* **What is being asked**
Leave out the pictures, and retype only the lines from the beginning of the material through the line that contains "This is how", including both.

* **Data shown**

= Beginning of Section =

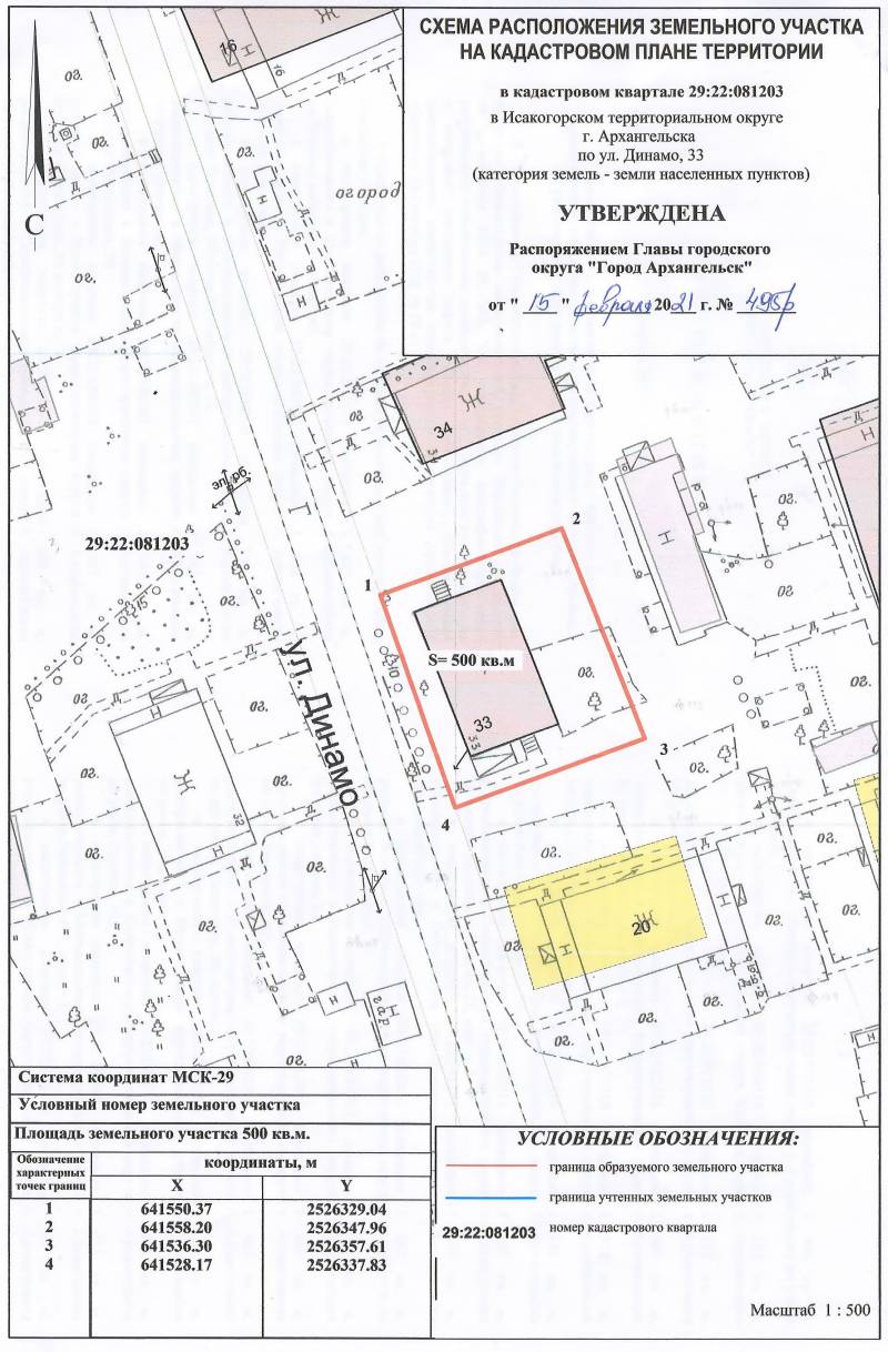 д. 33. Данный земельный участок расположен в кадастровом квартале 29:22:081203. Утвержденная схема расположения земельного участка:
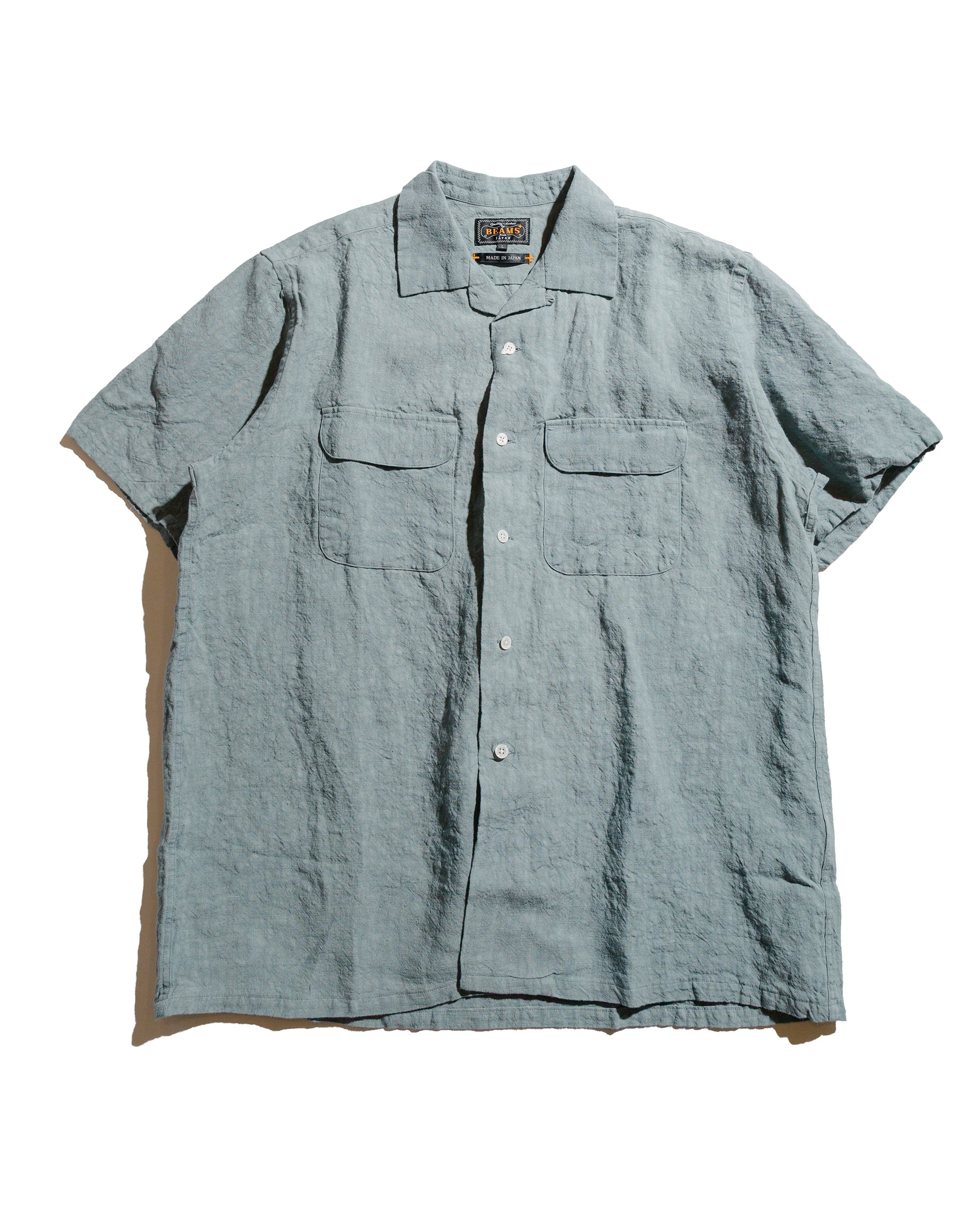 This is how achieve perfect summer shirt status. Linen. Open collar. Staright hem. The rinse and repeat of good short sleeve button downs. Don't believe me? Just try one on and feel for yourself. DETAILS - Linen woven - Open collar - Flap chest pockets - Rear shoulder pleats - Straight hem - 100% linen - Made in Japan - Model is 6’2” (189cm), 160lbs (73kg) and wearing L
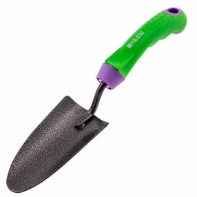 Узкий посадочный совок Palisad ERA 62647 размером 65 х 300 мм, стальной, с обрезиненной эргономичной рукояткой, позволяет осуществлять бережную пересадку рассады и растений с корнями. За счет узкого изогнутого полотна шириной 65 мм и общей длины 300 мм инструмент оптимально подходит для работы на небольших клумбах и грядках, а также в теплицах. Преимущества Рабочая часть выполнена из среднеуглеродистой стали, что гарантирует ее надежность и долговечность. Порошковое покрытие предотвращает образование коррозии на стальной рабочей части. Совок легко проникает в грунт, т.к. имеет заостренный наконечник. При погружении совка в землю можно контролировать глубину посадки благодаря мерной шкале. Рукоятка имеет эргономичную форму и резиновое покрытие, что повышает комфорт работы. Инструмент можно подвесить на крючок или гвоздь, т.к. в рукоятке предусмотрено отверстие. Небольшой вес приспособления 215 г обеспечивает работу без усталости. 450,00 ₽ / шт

= End of Section =

* **Expected answer**
 д. 33. Данный земельный участок расположен в кадастровом квартале 29:22:081203. Утвержденная схема расположения земельного участка:
 This is how achieve perfect summer shirt status. Linen. Open collar. Staright hem. The rinse and repeat of good short sleeve button downs. Don't believe me? Just try one on and feel for yourself. DETAILS - Linen woven - Open collar - Flap chest pockets - Rear shoulder pleats - Straight hem - 100% linen - Made in Japan - Model is 6’2” (189cm), 160lbs (73kg) and wearing L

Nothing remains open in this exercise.